Mais le gouvernement a pu rassurer les Chemins de fer rhétiques: l’inscription au patrimoine mondial ne générera aucun coût supplémentaire. Et à Berne, on est également convaincu que l’inclusion de la ligne entière est la meilleure solution.
Dans sa première partie, celle-ci traverse la vallée de l’Albula et passe par nombre de tunnels hélicoïdaux et de hauts viaducs. Et par la suite, c’est le passage du col de la Bernina et la longue descente sur Poschiavo et l’Italie qui rendent le trajet particulièrement spectaculaire.
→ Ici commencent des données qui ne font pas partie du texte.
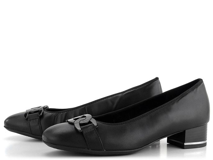 Pro dámy hledající eleganci a pohodlí jsou tu lodičky značky Ara v širším střihu "H". Tyto černé lodičky se vyznačují hranatější špičkou a jsou vyrobeny z poddajné hladké kůže, což zajišťuje maximální komfort. Špičku zdobí kovový řetízek v černém lesklém provedení, který dodává botám luxusní vzhled. Díky pružnému lemu se lodičky optimálně přizpůsobí noze.
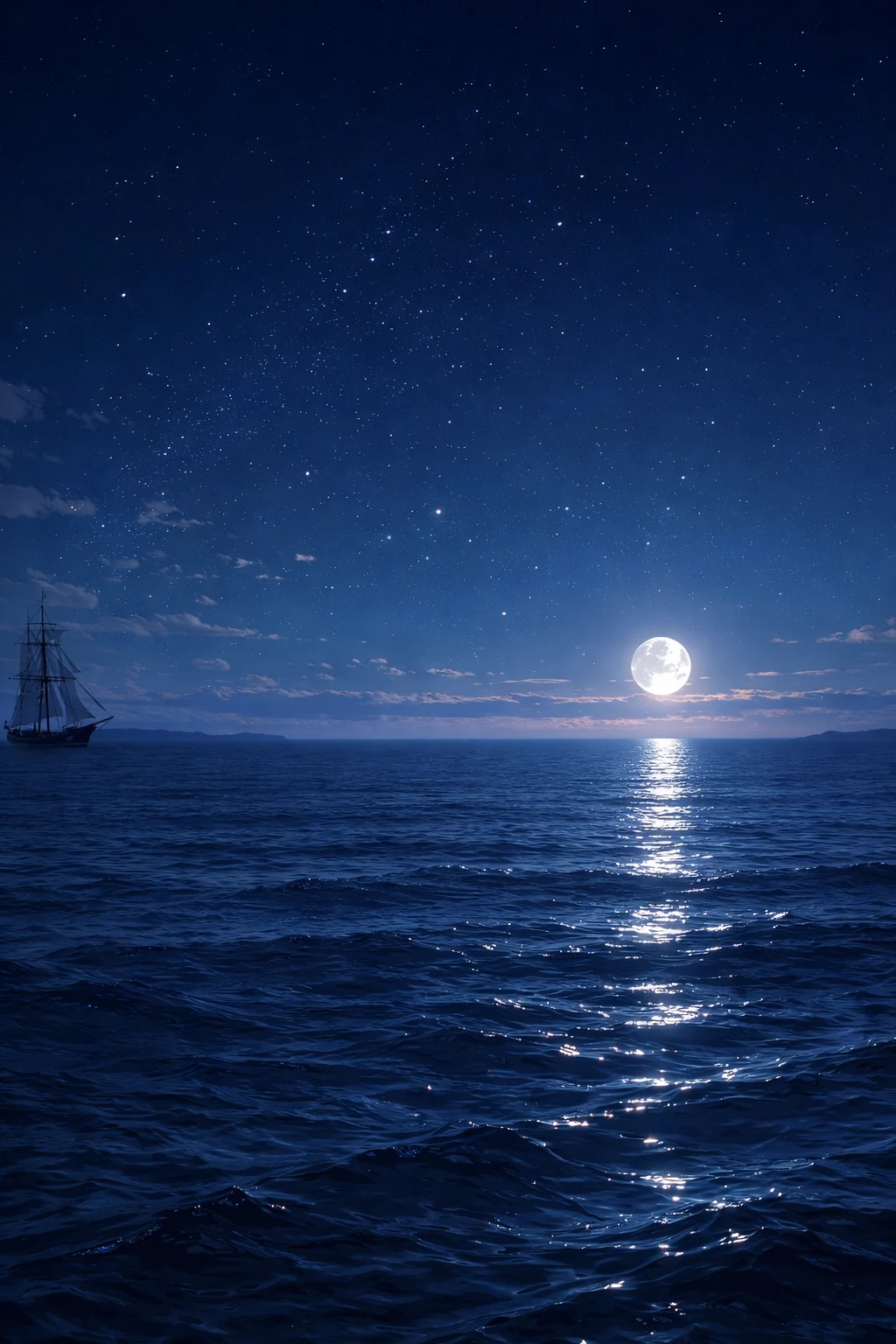 달빛 아래 선 채, 그녀는 말없이 수평선을 바라보고 있었다.
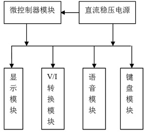 本設(shè)計(jì)采用單片機(jī)作為主要控制部件,通過(guò)鍵盤預(yù)置輸出電流值并采用液晶模塊實(shí)時(shí)顯示。整個(gè)系統(tǒng)硬件部分由微控制器模塊、電壓-電流轉(zhuǎn)換模塊、鍵盤模塊、顯示模塊、直流穩(wěn)壓電源模塊和語(yǔ)音提示模塊組成。系統(tǒng)結(jié)構(gòu)框圖如圖1所示。
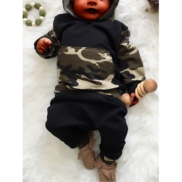 Lovely Street O Neck Camo Print Patchwork Black Boy Two-piece Pants Set

En deux heures à peine, le voyageur passe des glaciers des Alpes aux palmiers de Tirano.
«Le passage du col à 2253 mètres d’altitude fait du Bernina Express le plus haut chemin de fer à adhérence des Alpes. Avec une pente maximum de 70 pour mille, c’est un des tracés les plus abrupts au monde», s’enthousiasme Gian Brüngger.
Ce mordu des trains, qui travaille au siège des Chemins de fer rhétiques, constate que la ligne a finalement très peu changé depuis l’époque de sa construction, achevée en 1910. Pour lui, la voir inscrite au patrimoine mondial serait quelque chose de formidable.
Si le vœu de Gian Brüngger doit se réaliser, le Bernina Express fera partie des sites reconnus par l’UNESCO dès 2008.
swissinfo, Dale Bechtel sur le Bernina Express
(Traduction et adaptation, Marc-André Miserez)
– La ligne du Bernina Express part de Coire, la capitale des Grisons, à 584 m d’altitude.
– Elle passe par des viaducs de pierre et des tunnels hélicoïdaux dans la vallée de l’Albula, avant de traverser l’Engadine.
– Elle monte ensuite vers le col de la Bernina, à 2253 m d’altitude, puis redescend à travers la vallée de Poschiavo jusqu’à la ville italienne de Tirano (429 m).
– Le gouvernement suisse envisage de demander son inscription au patrimoine mondial de l’UNESCO.
– Jusqu’ici, seules deux lignes de chemin de fer y sont inscrites: celle du Semmering en Autriche et celle de Darjeeling, en Inde.